Binary Search on Divisor — Finding the Threshold Boundary — Watch how binary search narrows the divisor range. For each candidate divisor, we compute the ceiling-division sum and decide which half to keep.

Algorithm

  1. Set low = 1, high = max(nums).
  2. While low < high:
    a. Compute mid = low + (high - low) / 2.
    b. Compute sum = Σ ⌈nums[i] / mid⌉ for all elements.
    c. If sum ≤ threshold, set high = mid (this divisor works, but a smaller one might too).
    d.
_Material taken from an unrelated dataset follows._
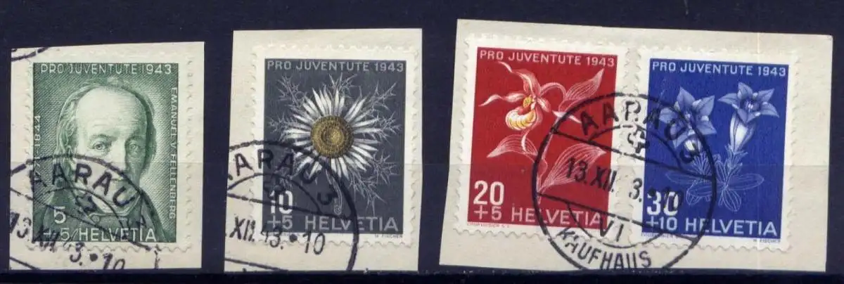 (1956) Schweiz Nr.424/7 O gestempelt Briefstücke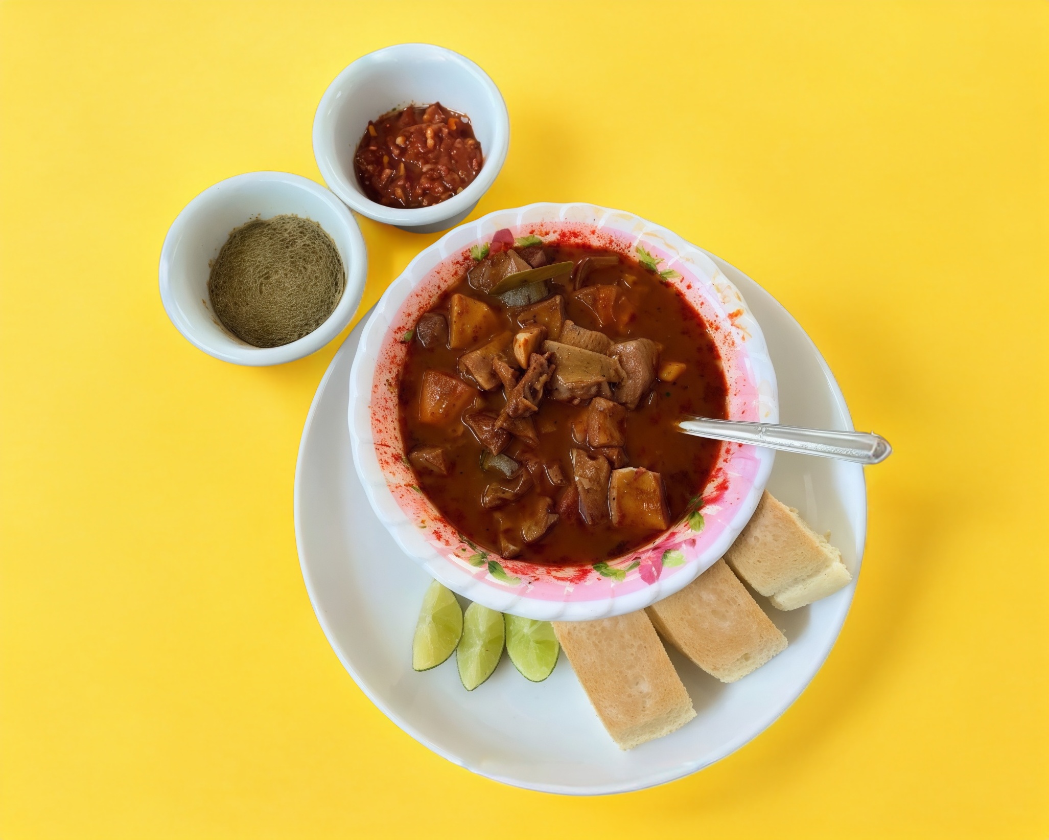 1 Litro de Menudo con sus complementos cilantro,cebolla,limón y 1bolillo

Otherwise, set low = mid + 1 (this divisor is too small).
  3. Return low.

Computing ceiling division without floating point:

  • ⌈a / d⌉ = (a + d - 1) / d (integer division)

Code

#include <vector>
#include <algorithm>
using namespace std;

class Solution {
public:
    int smallestDivisor(vector<int>& nums, int threshold) {
        int low = 1;
        int high = *max_element(nums.begin(), nums.end());
        
        while (low < high) {
            int mid = low + (high - low) / 2;
            int sum = 0;
            for (int num : nums) {
                sum += (num + mid - 1) / mid;
            }
            if (sum <= threshold) {
                high = mid;
            } else {
                low = mid + 1;
            }
        }
        
        return low;
    }
};
import math

class Solution:
    def smallestDivisor(self, nums: list[int], threshold: int) -> int:
        low = 1
        high = max(nums)
        
        while low < high:
            mid = low + (high - low) // 2
            total = sum(math.ceil(num / mid) for num in nums)
            if total <= threshold:
                high = mid
            else:
                low = mid + 1
        
        return low
class Solution {
    public int smallestDivisor(int[] nums, int threshold) {
        int low = 1;
        int high = 0;
        for (int num : nums) high = Math.max(high, num);
        
        while (low < high) {
            int mid = low + (high - low) / 2;
            int sum = 0;
            for (int num : nums) {
                sum += (num + mid - 1) / mid;
            }
            if (sum <= threshold) {
                high = mid;
            } else {
                low = mid + 1;
            }
        }
        
        return low;
    }
}

Complexity Analysis

Time Complexity: O(n × log(max(nums)))

The binary search operates over the range [1, max(nums)]. With max(nums) up to 10^6, binary search performs at most log₂(10^6) ≈ 20 iterations. Each iteration scans the entire array of n elements to compute the ceiling-division sum. Total: O(n × 20) = O(n × log(max(nums))).

For n = 5 × 10^4, this is about 10^6 operations — extremely fast.

Space Complexity: O(1)

We only use a constant number of variables (low, high, mid, sum). No extra data structures are needed beyond the input array.